(Beginning of Data)

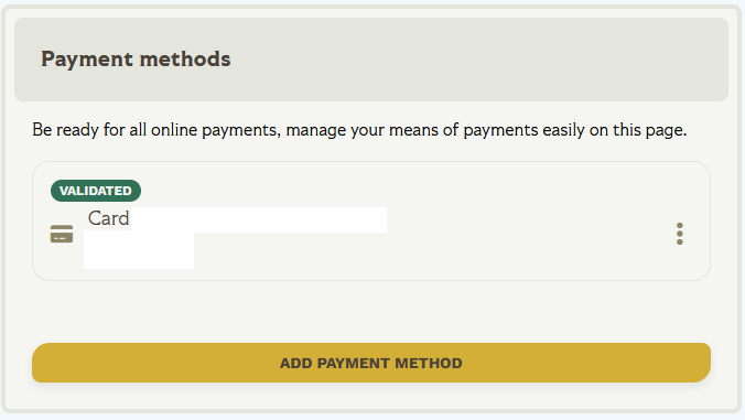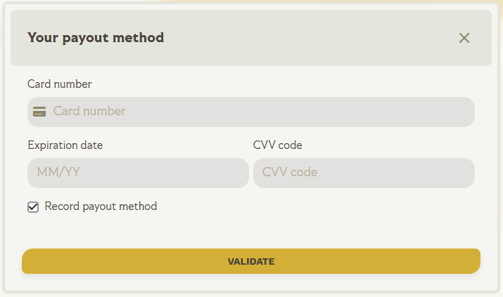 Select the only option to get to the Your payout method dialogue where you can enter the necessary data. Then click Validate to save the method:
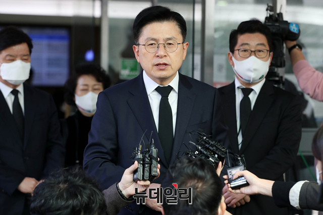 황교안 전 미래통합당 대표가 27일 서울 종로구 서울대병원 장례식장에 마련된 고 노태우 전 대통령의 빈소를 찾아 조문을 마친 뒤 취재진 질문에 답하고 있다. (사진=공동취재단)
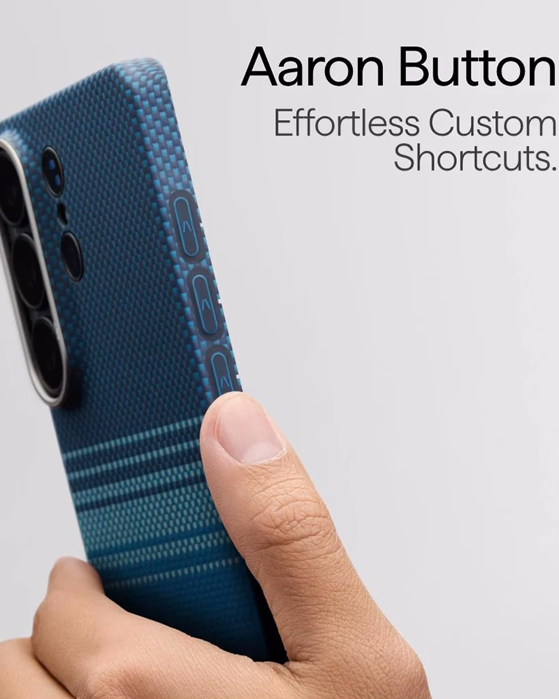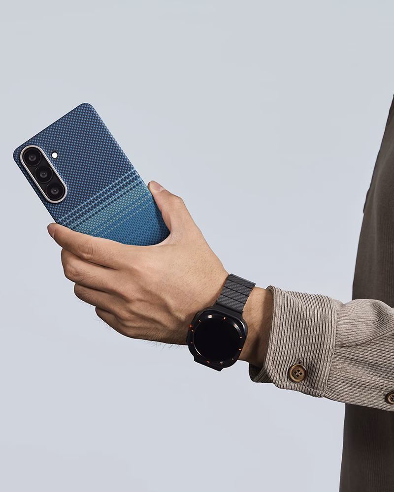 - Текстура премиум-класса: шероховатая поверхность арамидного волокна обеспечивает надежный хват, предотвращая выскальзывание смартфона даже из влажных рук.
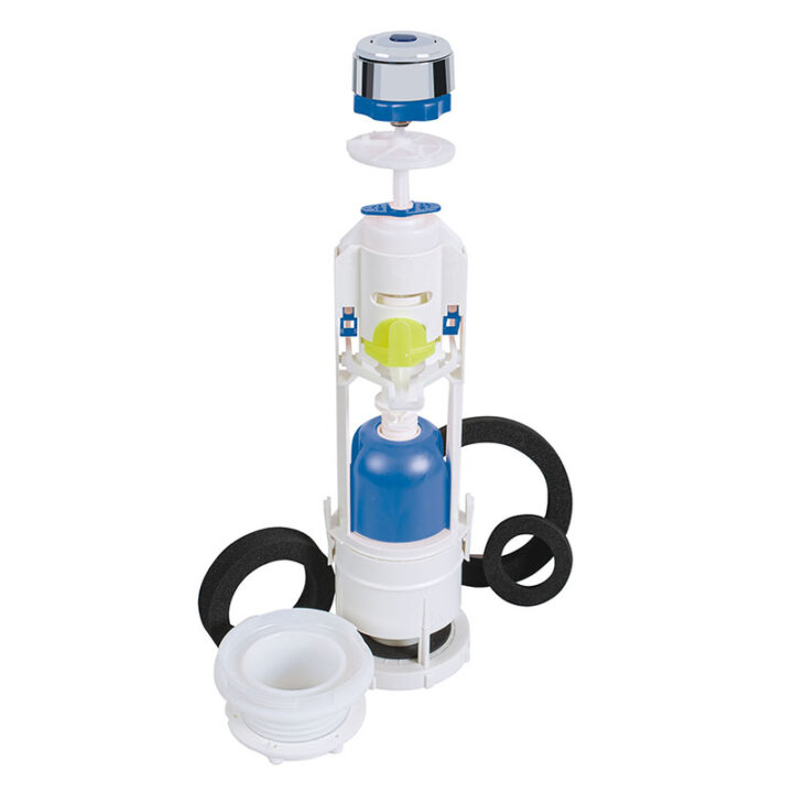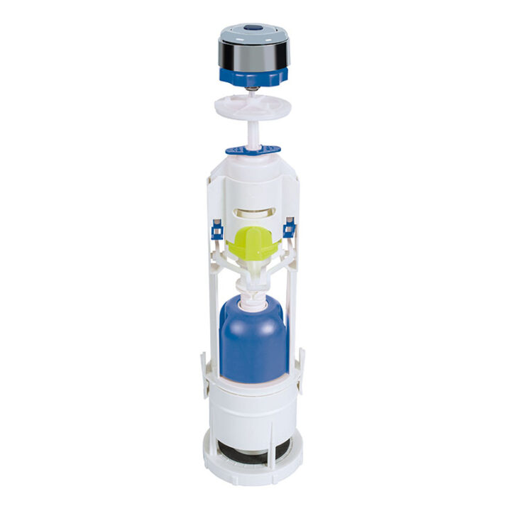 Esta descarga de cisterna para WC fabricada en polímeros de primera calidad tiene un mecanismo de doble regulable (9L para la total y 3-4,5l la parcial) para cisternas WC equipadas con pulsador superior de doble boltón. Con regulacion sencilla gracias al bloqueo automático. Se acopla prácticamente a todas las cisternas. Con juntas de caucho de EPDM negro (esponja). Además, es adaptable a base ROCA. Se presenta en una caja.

(End of Data)

| Aim of the task |
Write out exactly, and only, the lines from the line holding "- Текстура премиум-класса: шероховатая" through the end of the data, inclusive, without any pictures.

| Result of the task |
 - Текстура премиум-класса: шероховатая поверхность арамидного волокна обеспечивает надежный хват, предотвращая выскальзывание смартфона даже из влажных рук.
 Esta descarga de cisterna para WC fabricada en polímeros de primera calidad tiene un mecanismo de doble regulable (9L para la total y 3-4,5l la parcial) para cisternas WC equipadas con pulsador superior de doble boltón. Con regulacion sencilla gracias al bloqueo automático. Se acopla prácticamente a todas las cisternas. Con juntas de caucho de EPDM negro (esponja). Además, es adaptable a base ROCA. Se presenta en una caja.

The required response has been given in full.